Глаза Беатрис расширились, и она отступила на шаг.
– Даже если бы на это хватило человеческой жизни... «убеждение» не входило в нашу договоренность.
Коннор двинулся за ней.
– А вам никогда не приходило в голову, что для меня будет политическим самоубийством, если я на дебатах неожиданно заявлю, что поддерживаю суфражисток?
Беатрис обнаружила, что отступать дальше некуда – она спиной уперлась в стол.
– Типичный политик, – фыркнула она. – Как только вы обещаете что-либо, так сразу же начинаете доказывать, почему это обещание невозможно выполнить. «Я бы рад, дорогие, но мои приятели просто не позволят этого».
– Я не сказал, что это невозможно. Я только заметил, что это было невозможно сегодня. Если я меняю платформу, то должен иметь для этого веские причины. Людей надо подготовить... перемены должны происходить очень постепенно. – Коннор помолчал, чтобы его слова дошли до нее, а когда продолжил, то его голос зазвучал мягче. – Это означает, что вам придется учить меня... просвещать. И пока вы будете публично убеждать меня, я буду тайно настраивать Крокера, Чарлза Мерфи и оплачивающих кампанию городских чиновников.

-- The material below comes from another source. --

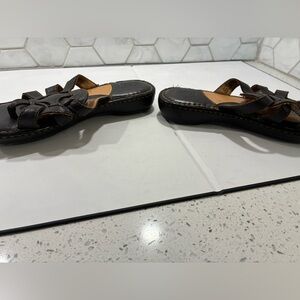 Born Woman’s Black Slide Sandal Size 6 Hand Crafted Leather Shield Design

Все, что он говорил, звучало резонно. Но как поверить в его искренность? Беатрис с трудом вспоминала даже собственное имя, когда Коннор находился всего в дюйме от нее.
– Следует отдать вам должное... вы действительно знаете свое дело. – В отчаянии Беатрис призвала на помощь скептицизм. – Вы почти убедили меня в серьезности своих намерений.
Коннор поднял руки, словно призывая Всевышнего в свидетели, как возмутительно она с ним обращается, потом устало опустил их.
– Вы самая ужасная женщина из всех, кого я... Вы намереваетесь сделать из меня лживого, жадного, хитрого мерзавца, ведь так? Но зачем? Для того, чтобы вы смогли похоронить меня вместе со старым Мерсером и любым другим мужчиной, который осмелится вам перечить? Не стоит, дорогая. – Он схватил ее за плечи. – Я жив и здоров и не собираюсь умирать. Если вы действительно хотите, чтобы ваше движение кто:нибудь поддержал, то вам придется иметь дело со мной, – Коннор перевел взгляд на ее губы, – и, что бы вы ни чувствовали, мы сделаем вот что...
Его губы прикоснулись к губам Беатрис, и напряжение, которое до этого нарастало у нее в груди, превратилось в желание, затопившее все ее существо. Вот чего она боялась больше всего – этой власти над ее чувствами, над реакциями ее тела, которой обладал Коннор. Ее окутывал жар, словно огонь бежал по каждой жилке.
– Вы не забыли? – пробормотал он, касаясь ее губ, с тем самым ирландским акцентом, который всегда развеивал ее злость и негодование. – Я не смог. Ощущение ваших губ будоражит мне кровь... – Он пощипывал ее губы своими, пробуя, соблазняя. Она облизнула их, чтобы успокоить покалывание, а Коннор издал горловой смешок и снова властно поцеловал ее. – Вы не забыли, как оживает мое тело, прикасаясь к вашему? – прошептал он, за талию притягивая ее к себе. Слово «оживает» недостаточно ярко передавало то ощущение энергии и жизненной силы, которое охватило Беатрис, когда его руки обняли ее. Она изогнулась, плотнее прижимая его к себе. – Вы не забыли это чувство, когда я обнимаю вас, а вы приникаете ко мне, потому что у вас слабеют колени?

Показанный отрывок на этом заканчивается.